Ivy arrives alone and offers herself as a more valuable hostage. She tells Kostas that Tess is her daughter, appealing to him as a parent. Kostas releases Tess. Ivy says she loves her, instructs Tess to find Adam and Bodie, and has Kostas sedate Tess before she can protest. Tess wakes in a DC alley. At Adam's apartment, she finds a photo of a young Ivy and Adam and asks if he is her father. He does not deny it but says Ivy should have that conversation.
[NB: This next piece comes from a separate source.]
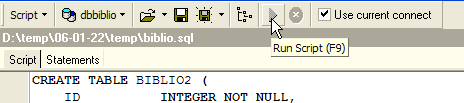 Rejouons ce script à l'intérieur de Firebird pour créer une table BIBLIO2 qui sera un clône de la table BIBLIO. Utillisons pour cela [Script Executive] (Ctrl-F12) :

The president refuses to negotiate. Tess devises an alternate plan and goes to William Keyes, threatening that a DNA test proving Adam is her father would derail Keyes's political ambitions. Keyes corrects her: Adam met Ivy after Tess was born. Tess's father was Keyes's younger son Tommy, who enlisted in the military and died. Recognizing Tess as his only grandchild, Keyes secures a pardon from Arizona's governor in exchange for weekly dinners, a trust fund, and Tess adding Keyes to her last name.


Kostas takes Ivy and a bomb to the Washington Monument. When word of the pardon reaches him, he releases Ivy and surrenders unarmed, only to be shot dead by an unidentified shooter, ensuring he can never testify. Ivy is eventually released from government seclusion. That night she confesses everything to Tess: She loved Tommy Keyes, let her parents raise Tess at seventeen, and stopped calling not to protect Tess but to protect herself from the pain. Tess tells Ivy she does not know what Ivy is to her yet, but all she needs right now is for Ivy to be alive.


In the final scene, Ivy stares at photographs of the dead conspirators, questioning why an unarmed, surrendering man was shot. A notebook contains a list of suspects; Tess glimpses William Keyes's name before Ivy closes it. The next day at school, William Keyes arrives in a limousine, publicly claiming Tess as his granddaughter. Tess, aware that her new grandfather's name sits on Ivy's suspect list, settles into the car and accepts the bargain she struck to save the person she loves most.